Dad always kept a “stiff upper lip” in the way of Jamaicans and the British, never complaining or explaining while getting on with whatever needed to be done. When his mother died in 1948, Dad couldn’t return to Jamaica for her funeral. He couldn’t afford to do so, but kept it to himself. Years later, I learned that his brother, Uncle Bertie, resented that Dad had missed their mother’s funeral. Like many relatives overseas, Uncle Bertie incorrectly assumed that if you lived in America, then surely you had enough disposable income to at least attend your own mother’s funeral. Dad’s “stiff upper lip” had inadvertently contributed undue and perhaps avoidable tension with his younger brother.
Sadly, it wasn’t until after his death in 1973 at age 74, that I fully appreciated Dad’s impact upon me. He wasn’t a touchy-feely man – no hugs, kisses or “I love you.” Yet, I knew that, while he never said so directly, he showed his love and concern for me through his conversations, in that small allowance (which was doubtless a struggle), and in a hundred other less tangible ways. Dad’s emotion-free model cut both ways. I was proud of my father, but I didn’t hug, kiss or tell him so, either – until December, 1972.

Dad & sister, Hilda Boston City Hosp. Last photo, 12/1972
In December 1972, he was admitted to Boston City Hospital for what we both knew would be his last time. His physician gave us a few private moments. It was unspoken, but we all knew that Dad would soon die.
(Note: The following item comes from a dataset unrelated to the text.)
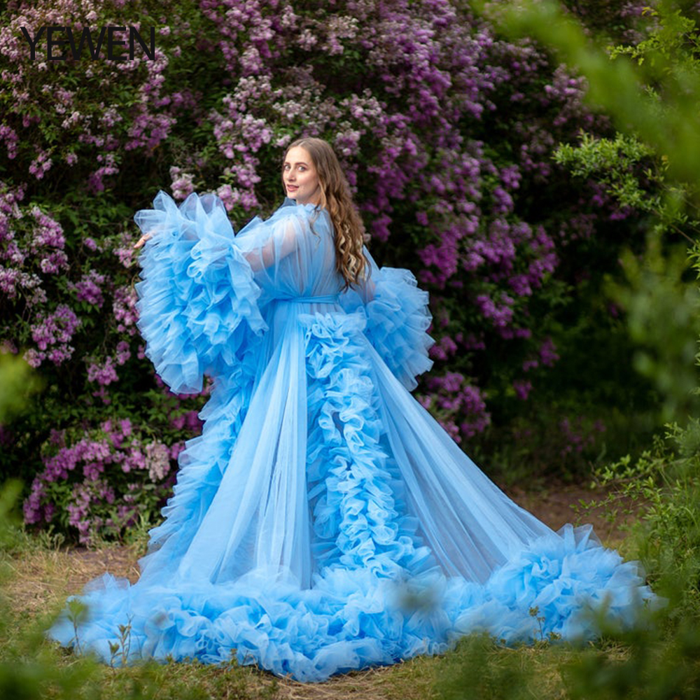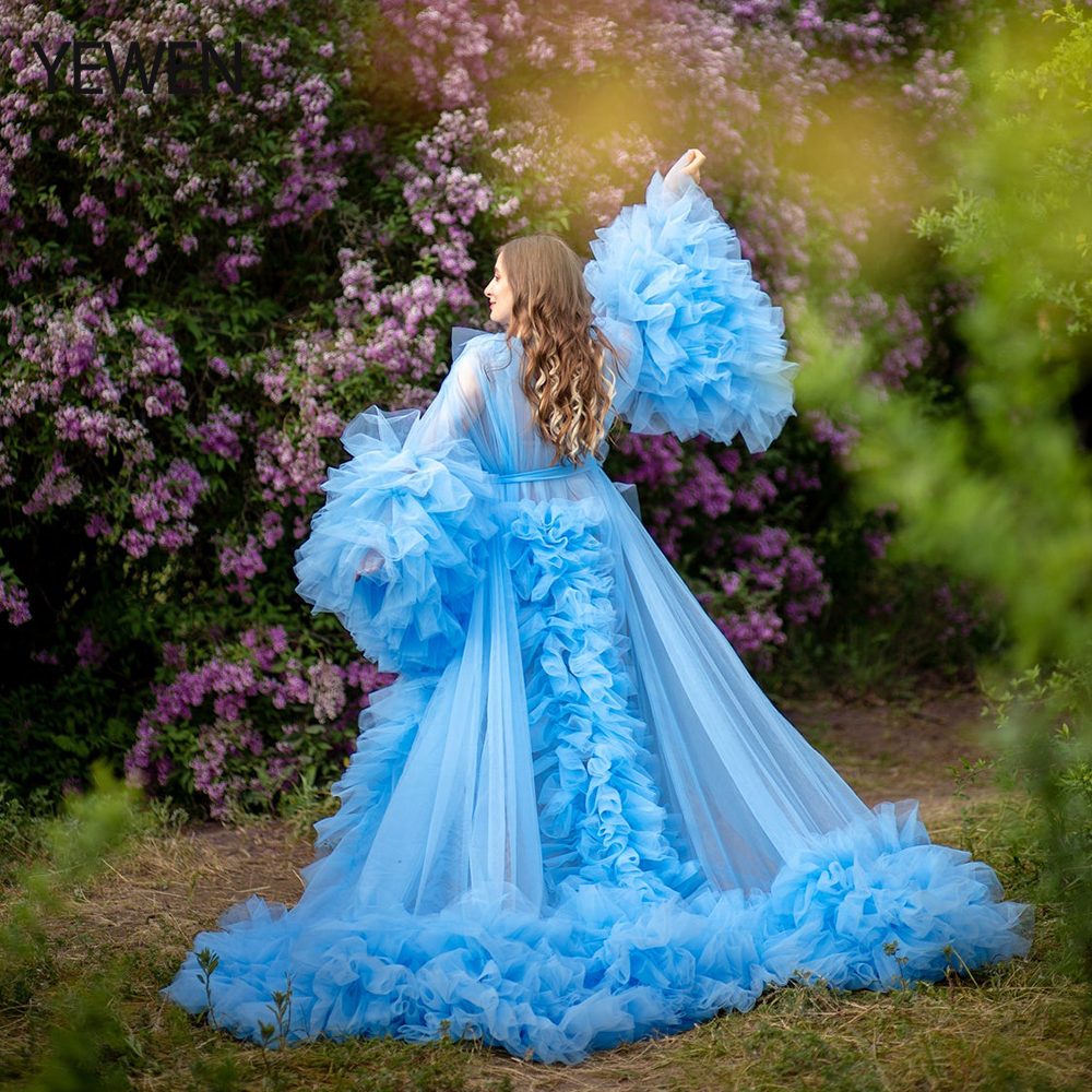 Sexy Blue Tulle Maternity Dresses For Photoshoot See Thru Long Puffy Sleeves Nightgown Photography Pregnancy Women Dresses

Dad and I were alone and frightened. There was a loud silence. I could only chokingly say, “I love you, Daddy.” I hadn’t called him Daddy since my childhood. I didn’t want my Daddy to go. He did not respond. He just looked at me. He didn’t have to speak. We understood.
Daddy died on New Year’s Day 1973. It was a few days after a heavy snowfall, gloomy, and bitterly cold.
I learned that day that you could pick out a casket any day of the week.